Tendiéndole emboscadas para matar a los soldados del Ejército Nacional y a los policías pertenecientes a las recientes Acordadas o Guardias Rurales, doña Loreto se inició en Los Pilares como comerciante y fue propietaria de una gran tienda llamada La Popular, dedicada a la venta de víveres. Posteriormente se la vendió a mi abuelo, don Ramón Galindo, quien le cambió el nombre por La Sinaloense, convirtiéndose en una tienda departamental. Don Laureano era conductor de carretones de carga jalados por veinte mulas, y traía mercancías de Hermosillo y los pueblos del río Sonora.

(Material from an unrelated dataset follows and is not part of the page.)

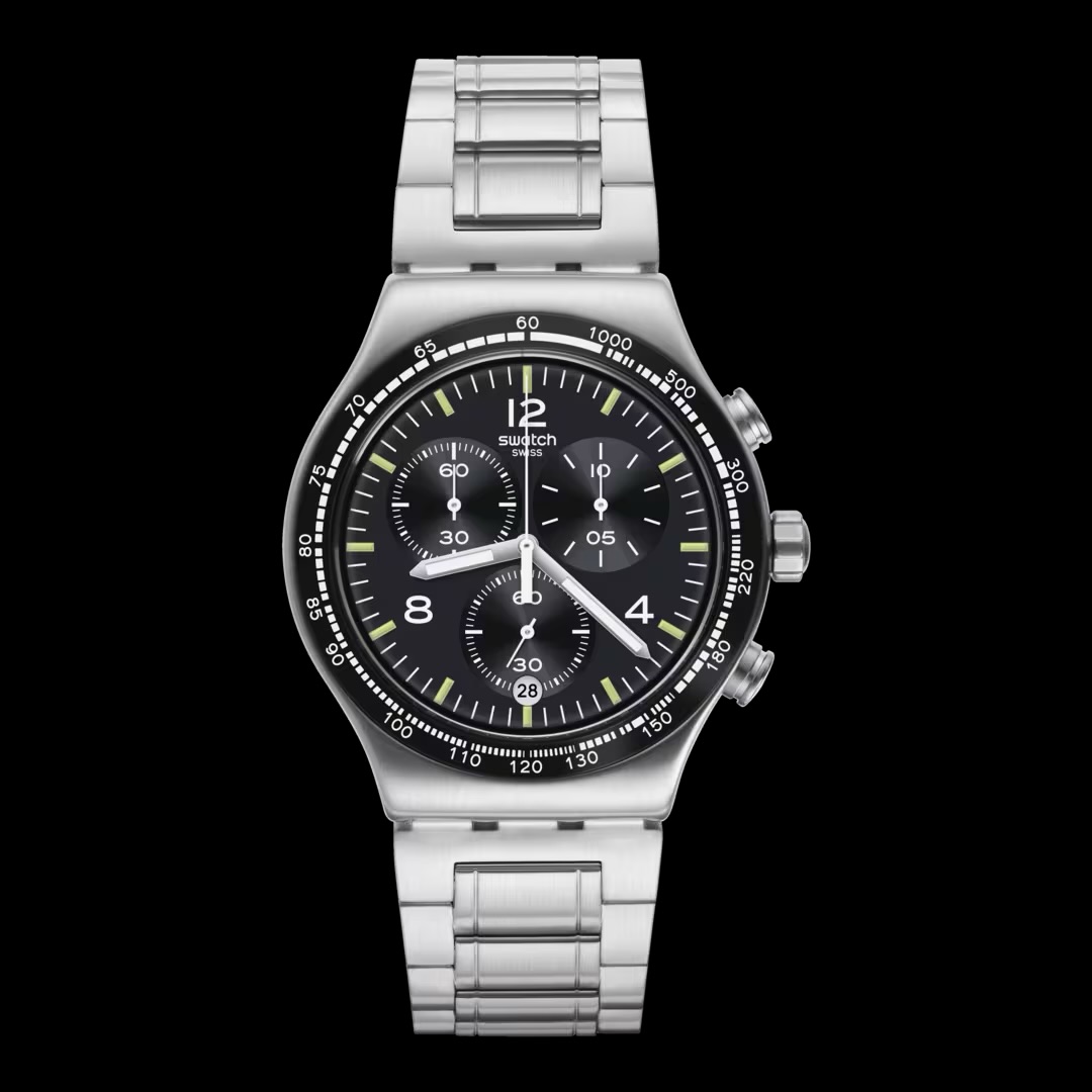 Swatch Night Flight, een Zwitserse chronograaf op staal voor €225. Leuk ding!

Doña Loreto falleció a los 68 años de edad. Era una mujer extremadamente católica. Se metió de lleno a la política cuando el Estado decidió cerrar los templos católicos. Desde 1905 incursionó su vida activista revolucionaria apoyando a los líderes del movimiento huelguista de los mineros y ferrocarrileros. Fue miembro de la Unión Industrial de Trabajadores Asalariados de Cananea, sucursal Pilares de Nacozari, Sonora. Conocía perfectamente a los maderistas y militares revolucionarios.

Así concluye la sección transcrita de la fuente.